TASK STATEMENT
Reproduce every line of the material below exactly. No pictures belong in the copy.

SUPPLIED DATA

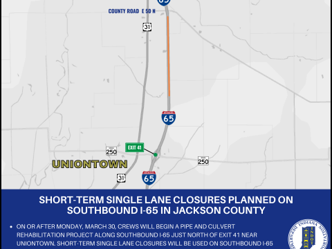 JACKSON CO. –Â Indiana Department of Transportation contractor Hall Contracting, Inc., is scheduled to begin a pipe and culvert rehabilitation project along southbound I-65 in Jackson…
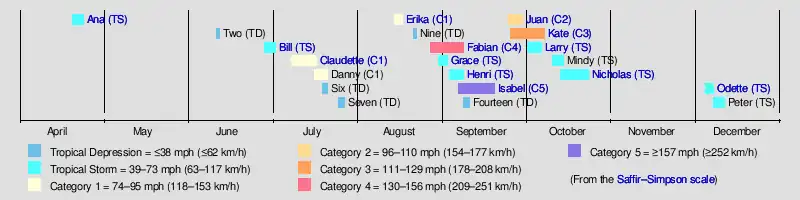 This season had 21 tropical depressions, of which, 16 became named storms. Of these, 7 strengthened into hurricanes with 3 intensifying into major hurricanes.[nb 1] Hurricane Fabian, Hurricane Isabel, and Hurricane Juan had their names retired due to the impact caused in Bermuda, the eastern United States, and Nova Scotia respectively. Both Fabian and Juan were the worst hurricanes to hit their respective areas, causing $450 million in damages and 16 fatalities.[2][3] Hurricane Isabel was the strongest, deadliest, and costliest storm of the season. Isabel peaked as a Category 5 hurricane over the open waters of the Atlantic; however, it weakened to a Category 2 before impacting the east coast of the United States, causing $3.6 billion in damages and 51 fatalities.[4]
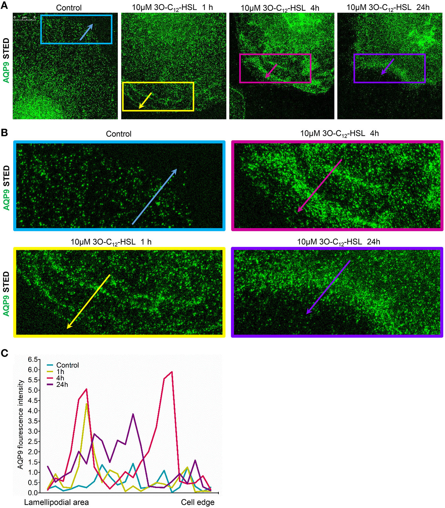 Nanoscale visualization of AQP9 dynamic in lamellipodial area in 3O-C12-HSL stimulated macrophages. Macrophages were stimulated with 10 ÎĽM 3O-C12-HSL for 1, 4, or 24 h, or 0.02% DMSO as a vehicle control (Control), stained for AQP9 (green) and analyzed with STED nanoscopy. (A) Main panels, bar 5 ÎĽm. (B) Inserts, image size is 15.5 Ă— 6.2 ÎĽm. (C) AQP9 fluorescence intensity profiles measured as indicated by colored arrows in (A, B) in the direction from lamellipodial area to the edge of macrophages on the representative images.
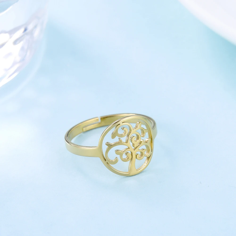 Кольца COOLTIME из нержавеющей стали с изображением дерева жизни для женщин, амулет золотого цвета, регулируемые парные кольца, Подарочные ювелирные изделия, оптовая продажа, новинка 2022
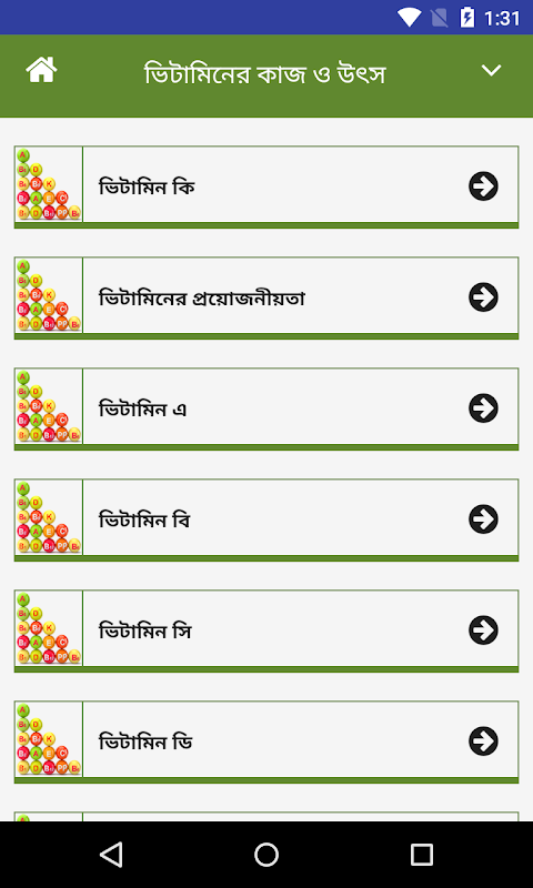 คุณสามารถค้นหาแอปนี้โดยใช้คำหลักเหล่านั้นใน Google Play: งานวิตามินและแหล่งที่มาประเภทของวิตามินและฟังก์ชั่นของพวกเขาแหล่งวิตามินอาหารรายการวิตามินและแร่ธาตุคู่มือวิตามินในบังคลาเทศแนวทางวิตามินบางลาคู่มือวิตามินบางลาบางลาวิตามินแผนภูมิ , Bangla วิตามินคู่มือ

RESULT BELOW
 JACKSON CO. –Â Indiana Department of Transportation contractor Hall Contracting, Inc., is scheduled to begin a pipe and culvert rehabilitation project along southbound I-65 in Jackson…
 This season had 21 tropical depressions, of which, 16 became named storms. Of these, 7 strengthened into hurricanes with 3 intensifying into major hurricanes.[nb 1] Hurricane Fabian, Hurricane Isabel, and Hurricane Juan had their names retired due to the impact caused in Bermuda, the eastern United States, and Nova Scotia respectively. Both Fabian and Juan were the worst hurricanes to hit their respective areas, causing $450 million in damages and 16 fatalities.[2][3] Hurricane Isabel was the strongest, deadliest, and costliest storm of the season. Isabel peaked as a Category 5 hurricane over the open waters of the Atlantic; however, it weakened to a Category 2 before impacting the east coast of the United States, causing $3.6 billion in damages and 51 fatalities.[4]
 Nanoscale visualization of AQP9 dynamic in lamellipodial area in 3O-C12-HSL stimulated macrophages. Macrophages were stimulated with 10 ÎĽM 3O-C12-HSL for 1, 4, or 24 h, or 0.02% DMSO as a vehicle control (Control), stained for AQP9 (green) and analyzed with STED nanoscopy. (A) Main panels, bar 5 ÎĽm. (B) Inserts, image size is 15.5 Ă— 6.2 ÎĽm. (C) AQP9 fluorescence intensity profiles measured as indicated by colored arrows in (A, B) in the direction from lamellipodial area to the edge of macrophages on the representative images.
 Кольца COOLTIME из нержавеющей стали с изображением дерева жизни для женщин, амулет золотого цвета, регулируемые парные кольца, Подарочные ювелирные изделия, оптовая продажа, новинка 2022
 คุณสามารถค้นหาแอปนี้โดยใช้คำหลักเหล่านั้นใน Google Play: งานวิตามินและแหล่งที่มาประเภทของวิตามินและฟังก์ชั่นของพวกเขาแหล่งวิตามินอาหารรายการวิตามินและแร่ธาตุคู่มือวิตามินในบังคลาเทศแนวทางวิตามินบางลาคู่มือวิตามินบางลาบางลาวิตามินแผนภูมิ , Bangla วิตามินคู่มือ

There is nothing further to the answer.